[[ Data shown, beginning ]]

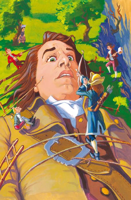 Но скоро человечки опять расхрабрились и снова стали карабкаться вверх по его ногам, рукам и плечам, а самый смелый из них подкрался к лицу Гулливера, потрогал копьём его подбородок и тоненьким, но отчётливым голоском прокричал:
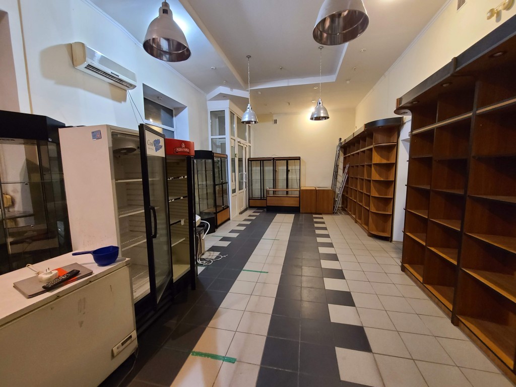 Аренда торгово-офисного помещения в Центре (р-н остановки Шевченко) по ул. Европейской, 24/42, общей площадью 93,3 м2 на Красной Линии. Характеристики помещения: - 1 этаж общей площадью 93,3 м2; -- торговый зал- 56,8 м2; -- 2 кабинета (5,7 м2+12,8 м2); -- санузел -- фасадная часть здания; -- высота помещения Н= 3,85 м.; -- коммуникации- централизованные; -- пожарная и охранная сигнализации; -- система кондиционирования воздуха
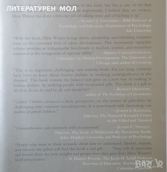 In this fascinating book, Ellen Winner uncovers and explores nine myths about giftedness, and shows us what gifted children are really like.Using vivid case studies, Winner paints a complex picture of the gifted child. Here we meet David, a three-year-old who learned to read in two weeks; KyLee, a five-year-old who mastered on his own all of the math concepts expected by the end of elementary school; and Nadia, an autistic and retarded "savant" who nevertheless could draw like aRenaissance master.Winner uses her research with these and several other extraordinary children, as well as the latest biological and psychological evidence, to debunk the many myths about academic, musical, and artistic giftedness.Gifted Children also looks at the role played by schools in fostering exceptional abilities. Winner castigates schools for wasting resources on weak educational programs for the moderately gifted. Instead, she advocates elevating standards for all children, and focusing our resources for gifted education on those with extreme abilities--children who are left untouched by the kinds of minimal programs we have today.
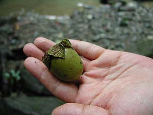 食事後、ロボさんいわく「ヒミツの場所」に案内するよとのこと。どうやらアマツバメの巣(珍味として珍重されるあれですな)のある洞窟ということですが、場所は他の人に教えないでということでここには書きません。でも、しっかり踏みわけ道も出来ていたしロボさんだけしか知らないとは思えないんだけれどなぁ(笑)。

[[ Data shown, end ]]

Task: Here the job is to print the data above exactly, except for any pictures.

Output of the task:
 Но скоро человечки опять расхрабрились и снова стали карабкаться вверх по его ногам, рукам и плечам, а самый смелый из них подкрался к лицу Гулливера, потрогал копьём его подбородок и тоненьким, но отчётливым голоском прокричал:
 Аренда торгово-офисного помещения в Центре (р-н остановки Шевченко) по ул. Европейской, 24/42, общей площадью 93,3 м2 на Красной Линии. Характеристики помещения: - 1 этаж общей площадью 93,3 м2; -- торговый зал- 56,8 м2; -- 2 кабинета (5,7 м2+12,8 м2); -- санузел -- фасадная часть здания; -- высота помещения Н= 3,85 м.; -- коммуникации- централизованные; -- пожарная и охранная сигнализации; -- система кондиционирования воздуха
 In this fascinating book, Ellen Winner uncovers and explores nine myths about giftedness, and shows us what gifted children are really like.Using vivid case studies, Winner paints a complex picture of the gifted child. Here we meet David, a three-year-old who learned to read in two weeks; KyLee, a five-year-old who mastered on his own all of the math concepts expected by the end of elementary school; and Nadia, an autistic and retarded "savant" who nevertheless could draw like aRenaissance master.Winner uses her research with these and several other extraordinary children, as well as the latest biological and psychological evidence, to debunk the many myths about academic, musical, and artistic giftedness.Gifted Children also looks at the role played by schools in fostering exceptional abilities. Winner castigates schools for wasting resources on weak educational programs for the moderately gifted. Instead, she advocates elevating standards for all children, and focusing our resources for gifted education on those with extreme abilities--children who are left untouched by the kinds of minimal programs we have today.
 食事後、ロボさんいわく「ヒミツの場所」に案内するよとのこと。どうやらアマツバメの巣(珍味として珍重されるあれですな)のある洞窟ということですが、場所は他の人に教えないでということでここには書きません。でも、しっかり踏みわけ道も出来ていたしロボさんだけしか知らないとは思えないんだけれどなぁ(笑)。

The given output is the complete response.